German World War II submarine

German submarine U-964 was a Type VIIC U-boat of Nazi Germany's Kriegsmarine built for service during World War II. A short-lived boat, U-964 is most noted for being one of three new boats ordered by the Kriegsmarine to attack Convoy ON 206 in the Western Approaches. To do this, the three boats had to travel a long distance on the surface during daylight hours in a region patrolled by Allied aircraft. This had fatal consequences for all U-boats involved.

U-964 was built by the Blohm & Voss shipyards in Hamburg during 1942 as a Type VIIC boat designed to fight in the waters of the Northern Atlantic Ocean. Her construction was rapid and smooth, and following her completion in February 1943 she was taken for training and working-up patrols in the Baltic Sea and off the Norwegian coast. Her commander during this period was veteran submariner Oberleutnant zur See Emmo Hummerjohann, who was experienced in combat operations and was still in charge when she departed Bergen, Norway in early October 1943 for her maiden combat patrol in the North Atlantic.

==Design==
German Type VIIC submarines were preceded by the shorter Type VIIB submarines. U-964 had a displacement of 769 t when at the surface and 871 t while submerged. She had a total length of 67.10 m, a pressure hull length of 50.50 m, a beam of 6.20 m, a height of 9.60 m, and a draught of 4.74 m. The submarine was powered by two Germaniawerft F46 four-stroke, six-cylinder supercharged diesel engines producing a total of 2800 to 3200 PS for use while surfaced, two Brown, Boveri & Cie GG UB 720/8 double-acting electric motors producing a total of 750 PS for use while submerged. She had two shafts and two 1.23 m propellers. The boat was capable of operating at depths of up to 230 m.
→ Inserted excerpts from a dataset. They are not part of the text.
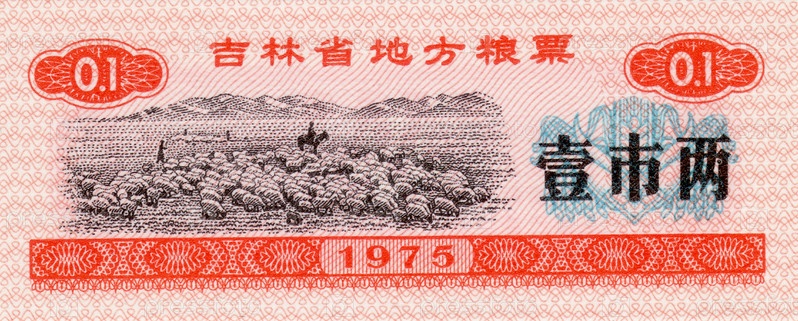 Банкнота Китай продовольственный купон 0,1 1975 год лицевая сторона
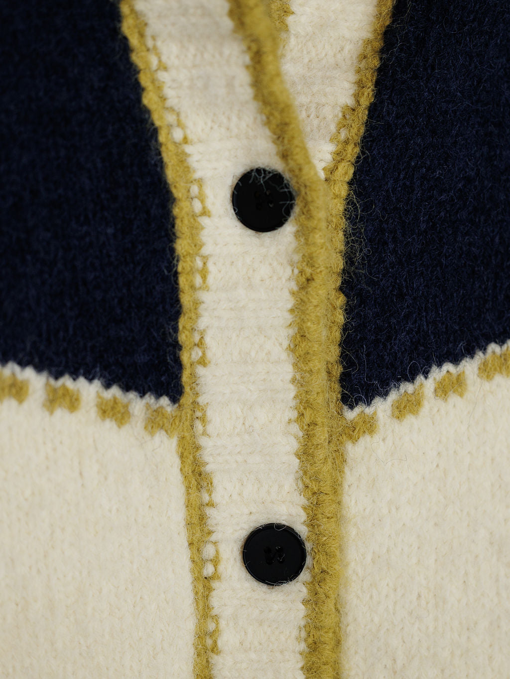 Midnight navy, cream, and chartreuse.
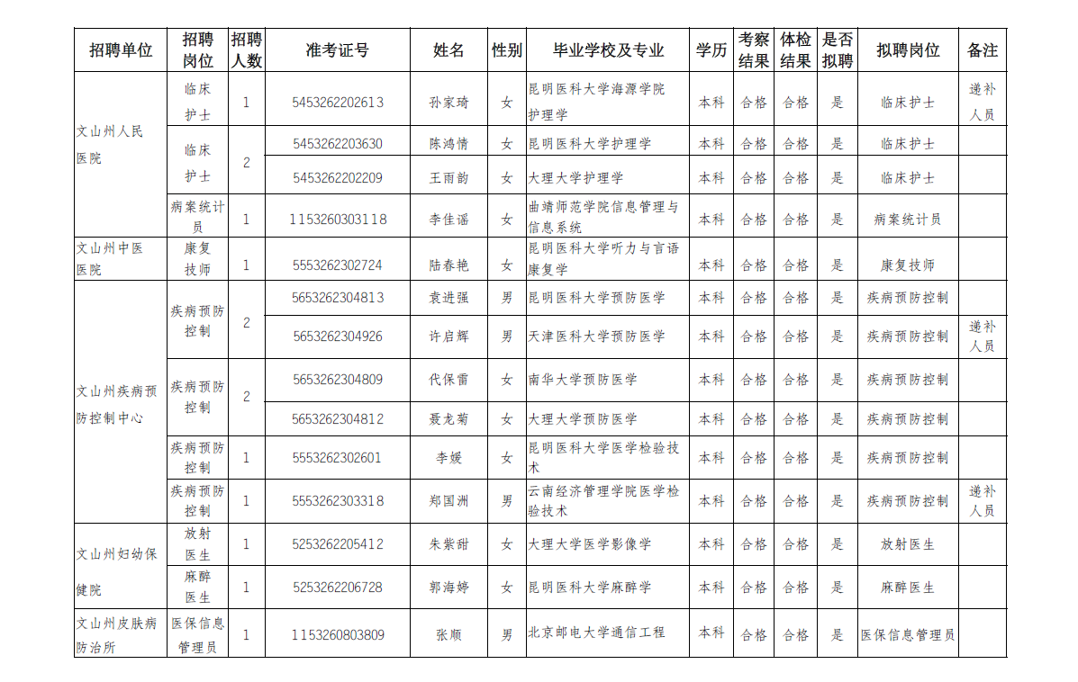 文山州衛(wèi)生健康委員會(huì)2022年直屬事業(yè)單位公開(kāi)招聘工作人員擬聘公示

The submarine had a maximum surface speed of 17.7 kn and a maximum submerged speed of 7.6 kn. When submerged, the boat could operate for 80 nmi at 4 kn; when surfaced, she could travel 8500 nmi at 10 kn. U-964 was fitted with five 53.3 cm torpedo tubes (four fitted at the bow and one at the stern), fourteen torpedoes, one 8.8 cm SK C/35 naval gun, 220 rounds, and one twin 2 cm C/30 anti-aircraft gun. The boat had a complement of between forty-four and sixty.

==Service history==

===War patrol===
Following her departure from Norway, she passed into the Atlantic and headed southwards towards the Western Approaches. After eleven days sailing, she was still well within range of Allied aircraft when she received a radio message to link with and and attack an important convoy several hundred miles to the south. Realising that the only feasible method of reaching the area on time was to travel on the surface, the three boats proceeded south in full daylight on 16 October 1943.

===Fate===
Luck ran out fast as a patrolling aircraft spotted the boats and called in Consolidated Liberator aircraft from several different squadrons. A fierce battle followed, in which two Royal Air Force Liberators were shot down before all three boats were sunk. U-964 was seriously damaged by bombs from aircraft of 86 Squadron (particularly from the plane of Flying Officer George Gamble), and began to sink, her crew scrambling over the side into the sea as she settled. Of the approximately 35 men who escaped the submarine, only five survived to be collected by several days later. Only three of these men subsequently recovered from their ordeal.